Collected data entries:
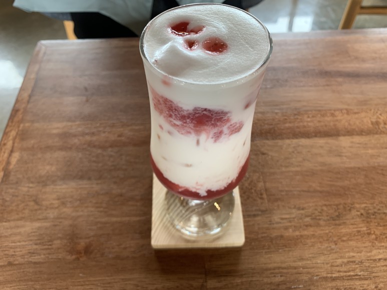 제주도 가수 해바라기 낭낭 카페 메뉴 추천 시골뷰와 음악에 반했는데 이렇게 움짤로 자세히 한번 더 딸기라떼를 보여드리겠습니다:) 딸기가 좋다면 딸기라떼 추천
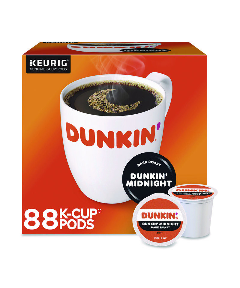 Dunkin'® Midnight coffee is our darkest roast yet! Deep and rich with bittersweet chocolate notes and an intensely dark finish. Dunkin'® Midnight coffee delivers a rich, full-bodied flavor for an intensely dark roast experience. Brew yourself a cup and enjoy the great taste of Dunkin'® at home. This favorite is a delicious delight with flavors that make it the perfect morning cup or a wonderful afternoon treat. It's a success story that started in 1950 as a single donut shop in Quincy, Massachusetts, and now includes over 9,500 shops. Sure, Dunkin'® has been known for its donuts over the years, but it's our coffee that's kept America running. Made from high-quality 100% Arabica beans and a unique, proprietary recipe that people love, it's a consistent, smooth, never bitter, rich-tasting cup of coffee. Brew, Enjoy, Repeat! Every Dunkin'® K-Cup® pod is compatible with any Keurig® K-Cup® pod single-serve coffee maker. Just pop one in and enjoy delicious, fresh-brewed coffee in no time at all. Each K-Cup® pod is filled with the freshest ground coffee and brews a great tasting cup of coffee, every time.
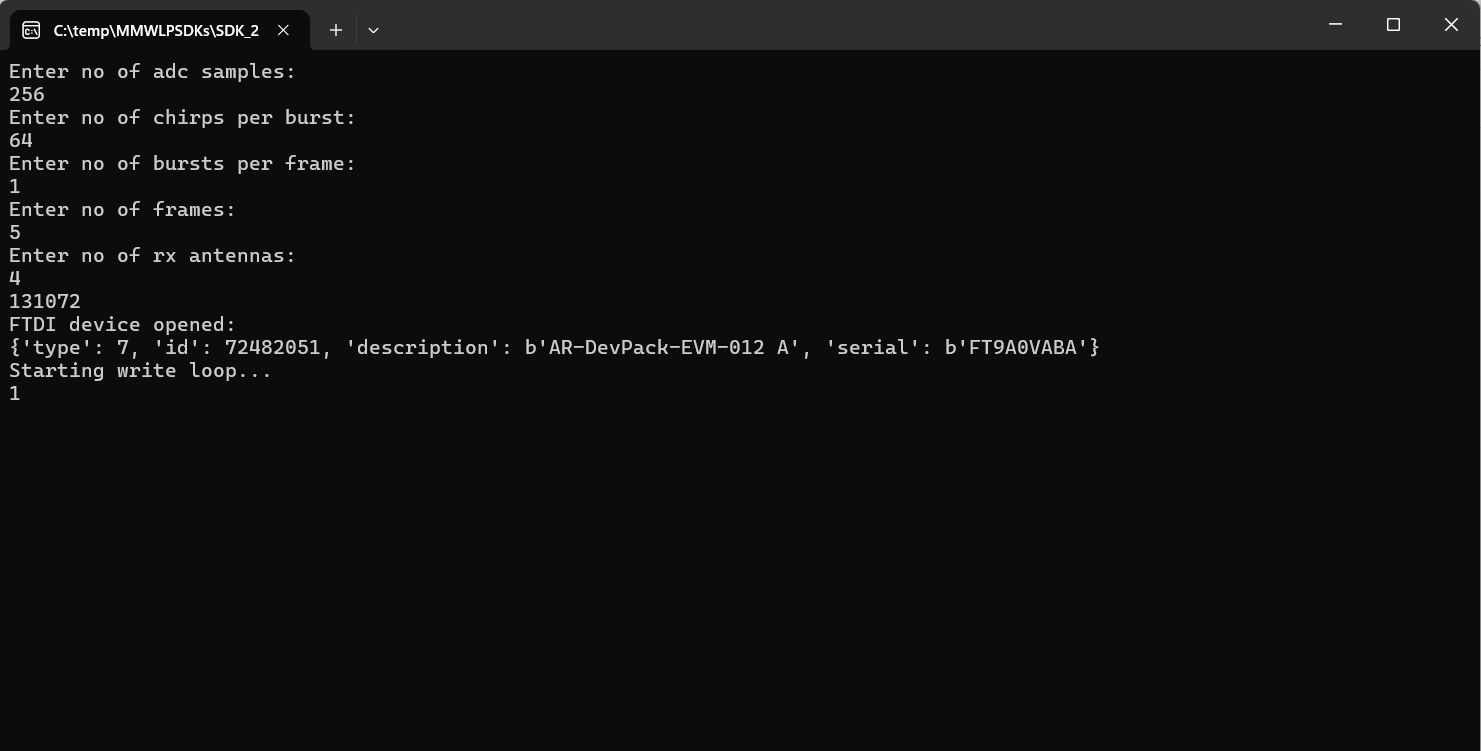 MMWAVE-L-SDK OOB (out-of-box) demo supports raw ADC data streaming through the LVDS interface. When the radar EVM board connected with the DCA1000EVM board, users can use the DCA1000EVM CLI application to capture the raw data without starting the mmWaveStudio GUI interface. The DCA1000EVM CLI application is primarily a command line tool for configuration of FPGA and recording based on the user inputs. The DCA1000EVM CLI application connects to DCA1000EVM system through 1GB Ethernet for configuration and recording of data. RADAR EVM is connected to DCA1000EVM for data capture and connected to PC for configuration of data generation. However, there are some important limitations associated with this feature:
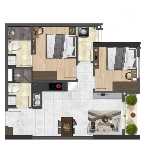 2 phòng ngủ
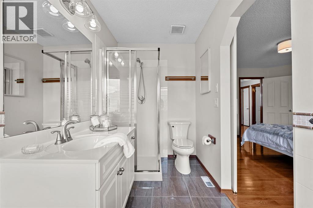 Welcome to this BEAUTIFUL HOME offering OVER 2000 sq. ft of finished living space and FIVE bedrooms, perfectly located in the sought after community of Gleneagles. Backing directly onto the FAIRWAYS OF THE GLENEAGLES GOLF COURSE. This property offers peaceful views, and a backyard retreat surrounded by beautifully landscaped grounds and no neighbours directly behind you. Step inside to a grand entrance with soaring VAULTED ceilings, creating an immediate sense of space and allowing an abundance of natural light to fill the home. The main floor features a formal living room and dining area perfect for entertaining family and friends. Towards the back of the home, you'll find a warm and inviting family room with a beautiful FIREPLACE, seamlessly connected to the kitchen. The kitchen features NEW STAINLESS STEEL APPLIANCES, ample storage and a convenient built-in desk space. The cozy kitchen nook offers the perfect vantage point to enjoy your morning coffee/tea while overlooking the meticulously maintained backyard oasis, featuring mature trees, garden boxes and a cozy fire pit seating area to enjoy those relaxing evenings. Upstairs the primary bedroom features a walk-in closet and a 5 piece ensuite bathroom along with two more spacious bedrooms and a full bathroom. From the second level. you can even enjoy the Breathtaking MOUNTAIN VIEWS. The Lower level offers a large sound proofed bedroom plus a newly upgraded 2nd bedroom/office space. Recent Upgrades include - a NEW ROOF (4 years), Hot Water Tank (3 years), Stainless Steel Appliances including washer/dryer (3 years), fireplace (1 year). Gleneagles offers quick access to Calgary while maintaining the quiet scenic charm that Cochrane is known for. Residents enjoy access to the towns extensive pathway system, with GLENBOW RANCH Provincial Park just minutes away, featuring breathtaking biking and walking trails overlooking the Bow River. Privacy and Tranquility await. Book your showing today and let this exceptional p roperty speak for itself. (id:54406)
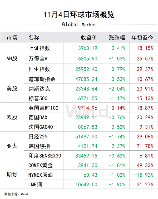 1、美国三大股指全线收跌,道指跌0.53%,标普500指数跌1.17%,纳指跌2.04%。卡特彼勒跌超4%,英伟达跌近4%,领跌道指。万得美国科技七巨头指数跌1.93%,特斯拉跌超5%,谷歌跌逾2%。中概股普遍下跌,小马智行跌近10%,世纪互联跌超8%。科技股跌幅领先。华尔街著名大空头警告AI泡沫。投资者担忧近期领涨的AI个股估值过高,英伟达与Palantir遭到做空。高盛和摩根士丹利双双警告美股可能回调。美国政府停摆进入第35天。
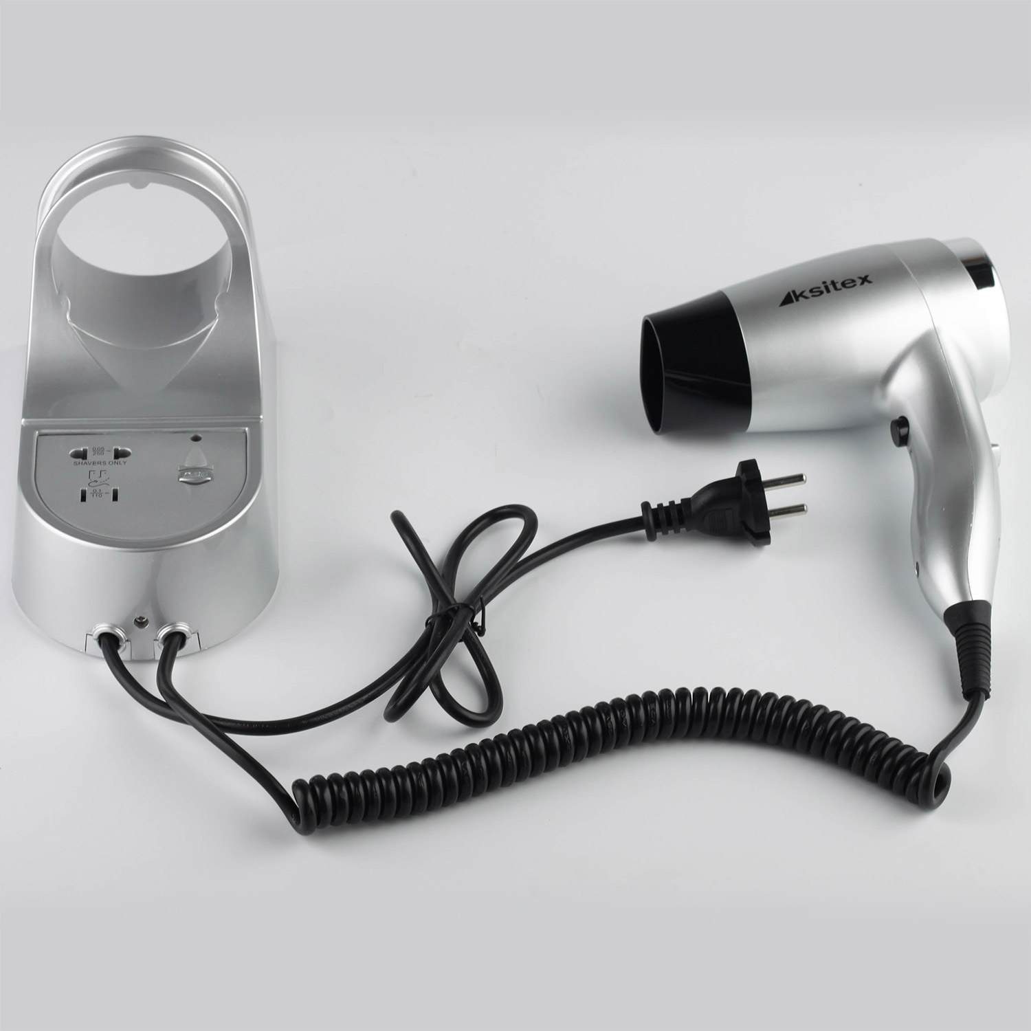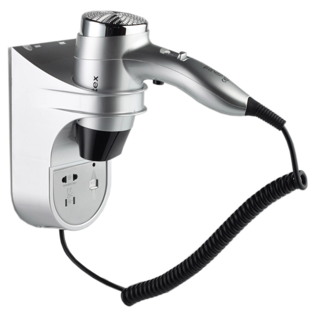 Фен для волос. С розеткой для бритвы (1400 Вт). Серебро.
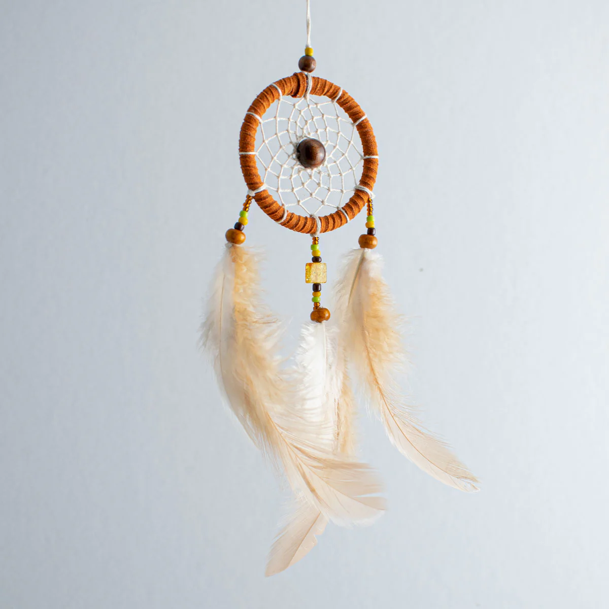 Mini attrape-rêve “Automne rayonnant” est un mini attrape-rêve artisanal aux teintes automnales, qui invite à la sagesse, au calme et au laisser-aller.

The task:
Output all of the entries once more, word for word, with the images removed.

Your solution:
 제주도 가수 해바라기 낭낭 카페 메뉴 추천 시골뷰와 음악에 반했는데 이렇게 움짤로 자세히 한번 더 딸기라떼를 보여드리겠습니다:) 딸기가 좋다면 딸기라떼 추천
 Dunkin'® Midnight coffee is our darkest roast yet! Deep and rich with bittersweet chocolate notes and an intensely dark finish. Dunkin'® Midnight coffee delivers a rich, full-bodied flavor for an intensely dark roast experience. Brew yourself a cup and enjoy the great taste of Dunkin'® at home. This favorite is a delicious delight with flavors that make it the perfect morning cup or a wonderful afternoon treat. It's a success story that started in 1950 as a single donut shop in Quincy, Massachusetts, and now includes over 9,500 shops. Sure, Dunkin'® has been known for its donuts over the years, but it's our coffee that's kept America running. Made from high-quality 100% Arabica beans and a unique, proprietary recipe that people love, it's a consistent, smooth, never bitter, rich-tasting cup of coffee. Brew, Enjoy, Repeat! Every Dunkin'® K-Cup® pod is compatible with any Keurig® K-Cup® pod single-serve coffee maker. Just pop one in and enjoy delicious, fresh-brewed coffee in no time at all. Each K-Cup® pod is filled with the freshest ground coffee and brews a great tasting cup of coffee, every time.
 MMWAVE-L-SDK OOB (out-of-box) demo supports raw ADC data streaming through the LVDS interface. When the radar EVM board connected with the DCA1000EVM board, users can use the DCA1000EVM CLI application to capture the raw data without starting the mmWaveStudio GUI interface. The DCA1000EVM CLI application is primarily a command line tool for configuration of FPGA and recording based on the user inputs. The DCA1000EVM CLI application connects to DCA1000EVM system through 1GB Ethernet for configuration and recording of data. RADAR EVM is connected to DCA1000EVM for data capture and connected to PC for configuration of data generation. However, there are some important limitations associated with this feature:
 2 phòng ngủ
 Welcome to this BEAUTIFUL HOME offering OVER 2000 sq. ft of finished living space and FIVE bedrooms, perfectly located in the sought after community of Gleneagles. Backing directly onto the FAIRWAYS OF THE GLENEAGLES GOLF COURSE. This property offers peaceful views, and a backyard retreat surrounded by beautifully landscaped grounds and no neighbours directly behind you. Step inside to a grand entrance with soaring VAULTED ceilings, creating an immediate sense of space and allowing an abundance of natural light to fill the home. The main floor features a formal living room and dining area perfect for entertaining family and friends. Towards the back of the home, you'll find a warm and inviting family room with a beautiful FIREPLACE, seamlessly connected to the kitchen. The kitchen features NEW STAINLESS STEEL APPLIANCES, ample storage and a convenient built-in desk space. The cozy kitchen nook offers the perfect vantage point to enjoy your morning coffee/tea while overlooking the meticulously maintained backyard oasis, featuring mature trees, garden boxes and a cozy fire pit seating area to enjoy those relaxing evenings. Upstairs the primary bedroom features a walk-in closet and a 5 piece ensuite bathroom along with two more spacious bedrooms and a full bathroom. From the second level. you can even enjoy the Breathtaking MOUNTAIN VIEWS. The Lower level offers a large sound proofed bedroom plus a newly upgraded 2nd bedroom/office space. Recent Upgrades include - a NEW ROOF (4 years), Hot Water Tank (3 years), Stainless Steel Appliances including washer/dryer (3 years), fireplace (1 year). Gleneagles offers quick access to Calgary while maintaining the quiet scenic charm that Cochrane is known for. Residents enjoy access to the towns extensive pathway system, with GLENBOW RANCH Provincial Park just minutes away, featuring breathtaking biking and walking trails overlooking the Bow River. Privacy and Tranquility await. Book your showing today and let this exceptional p roperty speak for itself. (id:54406)
 1、美国三大股指全线收跌,道指跌0.53%,标普500指数跌1.17%,纳指跌2.04%。卡特彼勒跌超4%,英伟达跌近4%,领跌道指。万得美国科技七巨头指数跌1.93%,特斯拉跌超5%,谷歌跌逾2%。中概股普遍下跌,小马智行跌近10%,世纪互联跌超8%。科技股跌幅领先。华尔街著名大空头警告AI泡沫。投资者担忧近期领涨的AI个股估值过高,英伟达与Palantir遭到做空。高盛和摩根士丹利双双警告美股可能回调。美国政府停摆进入第35天。
 Фен для волос. С розеткой для бритвы (1400 Вт). Серебро.
 Mini attrape-rêve “Automne rayonnant” est un mini attrape-rêve artisanal aux teintes automnales, qui invite à la sagesse, au calme et au laisser-aller.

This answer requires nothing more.